The appearance of children at 37 weeks is considered optimal. Usually around this time this happens. They are as ready for the event as possible: healthy, strong. Weigh less than single peers. In the absence of previously identified pathologies, everything proceeds without complications.
At 38 weeks, twins appear extremely rarely. This is the best outcome.
How to calculate the due date of twins
The reference point is the first day of your last period. Subtract 3 months from this day and add 7 days. Here is the expected day of delivery. This method is more suitable for women expecting one child.
It would be more correct for you to subtract 2-3 weeks from this date. If this is your second birth, twins may be born even earlier.
Duration of twin labor
The birth process includes 3 stages:
- Cervical dilation - from irregular contractions to full dilation;
- Expulsion of the fetus - from attempts to birth;
- Postpartum - from the appearance of the child to the release of the placenta.

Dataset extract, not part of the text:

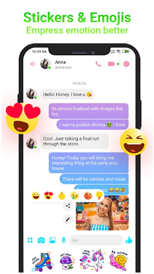 - Text has never been better, with countless emoji, GIF, and stickers.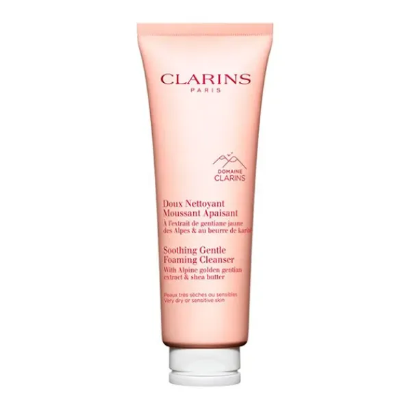 Esta espuma limpiadora, enriquecida con extractos de hierbas alpinas procedentes de la Hacienda Clarins, desmaquilla, calma las pieles secas y elimina las impurezas mientras preserva el equilibrio cutáneo. Enriquecida con activos seleccionados específicamente para equilibrar las pieles muy secas o sensibles: la manteca de karité bio hidrata la piel y el extracto de camomila bio reduce la sensación de tirantez. Su fórmula está enriquecida con el [Gentle Complex] de Clarins, que contiene extractos de genciana amarilla bio y de melisa bio que calman y suavizan la piel. Por último, el extracto de semilla de moringa limita la adherencia de impurezas sobre la piel. Textura cremosa reconfortante que se transforma en una suave espuma fina. Para reducir su huella medioambiental, Clarins ha rediseñado este producto con un tubo más ecológico gracias a su cápsula más ligera.

The duration of these stages does not depend on the number of fruits. The state of health of their mother plays a role.
The duration of childbirth - the period of exile - is longer than with uniform gestation. This is due to the successive exit of the children. For most women, this step takes 15 minutes.
The kids go out one after another on average with an interval of 13.5 minutes.
Method of delivery in multiple pregnancy
Expecting twins is not a reason for operative delivery. With good health of them and their mother, easy bearing and no contraindications, the woman in labor can handle it herself. An important condition is the cephalic presentation of both children, the normal location of the placenta.
In case of complications, pathology of pregnancy, contraindications on the part of the mother or babies, surgical intervention is indicated.
Natural childbirth
First, the harbingers of an imminent meeting with babies come.
The stomach drops - mom breathes easier. With repeated births, the stomach drops shortly before an important event - in a couple of days, with a third it may not fall.
Liquid stool is the second harbinger. Substances are more actively released to start the contractile activity of the uterus. They also irritate the intestines.
Increased urge to the toilet "in a small way." The uterus presses on the bladder - urination becomes more frequent.
Decreased activity in children. The symptom is not typical for everyone.
Pain. The sacrum, lower back aches - twins can appear from day to day or even in the next few hours.
In first-born mothers, these signs are more pronounced.
Beginning of the birth process
It starts with contractions - this is how the uterus opens. They are accompanied by severe pain, regular and growing.
The birth process proceeds according to the standard scheme. Some stages are specific.